Писарь поклонился и вежливо отказался от предложенных Николя денег.

— Тысяча благодарностей, господин комиссар, но у нас с Секвилем свои счеты.

Пока Николя в одиночестве ехал в фиакре, мысль его работала столь бурно, что вскоре у него в висках застучала кровь. Итак, завещание, равно как и записка Жюли, оказались подделками. Значит, некая злая сила, преследовавшая его по пятам, по-прежнему изо всех сил и всеми возможными способами старалась бросить на него подозрения и оклеветать его. У него в голове вновь мелькнула еще не оформившаяся мысль. Последнее замечание Родоле означало, что возможный подделыватель почерка Жюли связан с музыкой. Николя тотчас вспомнил Бальбастра, каждодневно музицирующего по роду своих занятий, и сидевшего за фортепьяно Мальво, чье исчезновение побуждало его питать относительно данного субъекта самые тяжкие подозрения. Когда же он сообразил, что Лаборд, большой поклонник музыкального искусства, также сочинял оперы, его охватила дрожь. Он вспомнил, сколь любезно Жюли де Ластерье обходилась с первым служителем королевской опочивальни. Среди его друзей никто более не пользовался ее расположением. Раньше он объяснял ее симпатию к Лаборду надеждами своей подруги когда-нибудь занять место при дворе; теперь же он в этом усомнился: будучи платным полицейским осведомителем, она не могла всерьез питать такие надежды.
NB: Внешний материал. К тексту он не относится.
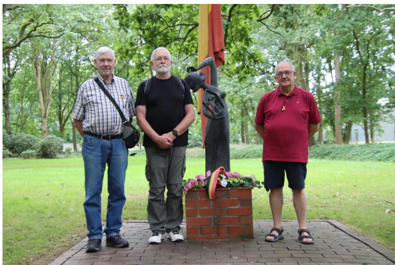
Aan het beeld "De Wanhoop" in Neuengamme tijdens de herdenkingsreis van 2024.

Неужели хорошенькую вдовушку с Гваделупы и его друга-либертена связывало нечто большее, чем дружба? И кто как не Лаборд мог знать во всех подробностях и о занятиях Николя, и о его секретной миссии? Все его существо противилось подобным подозрениям, к тому же разве в тот злосчастный вечер Лаборд не был в гостях у Ноблекура? Все смешалось самым ужасным образом. Николя ощутил, как он все больше запутывается в паутине интриг, сплетенных с целью лишить его не только жизни, но и чести. После такого заключения ему ничего не оставалось, как вообразить неведомую разветвленную организацию, зачем-то решившую его погубить.

К вечеру он вернулся на улицу Монмартр. Хозяин дома сидел в кресле с высокой жесткой спинкой и читал Овидия, разложив книгу на столешнице секретера. Ноблекур говорил, что не может читать в ином положении, объясняя свою привычку почтением и любовью к книгам, требовавшим, по его мнению, особого к себе обращения.

— А вот и вы, и снова в раздумьях, — произнес Ноблекур, разглядывая сквозь очки отрешенное лицо комиссара.

Рассказ о посещении общественного писаря старый магистрат выслушал, не отрывая взора от книги. Поникший в жидкий воск фитиль покоробился, глухо зашипел и погас, оставив после себя струйку дыма. Ноблекур осторожно закрыл книгу и, помолчав, произнес:

— Дорогой мой мальчик, вы никогда не задавали себе вопрос, что привело вас на службу в королевскую полицию?

— Цепочка случайностей и рекомендация маркиза де Ранрея, врученная господину де Сартину.

— Да нет, я не об этом! Послушайте, что скажет вам старый скептик, и постарайтесь не слишком удивляться. Вас, честного человека, поставило на пути преступления само провидение, ибо оно вам доверяет и намеревается через вас осуществить свои намерения.

— Очень любезно с его стороны, — повеселев, ответил Николя. — Однако оно почему-то не хочет мне подсказать, кто играет первую скрипку в оркестре, исполняющем для меня свою зловещую мелодию.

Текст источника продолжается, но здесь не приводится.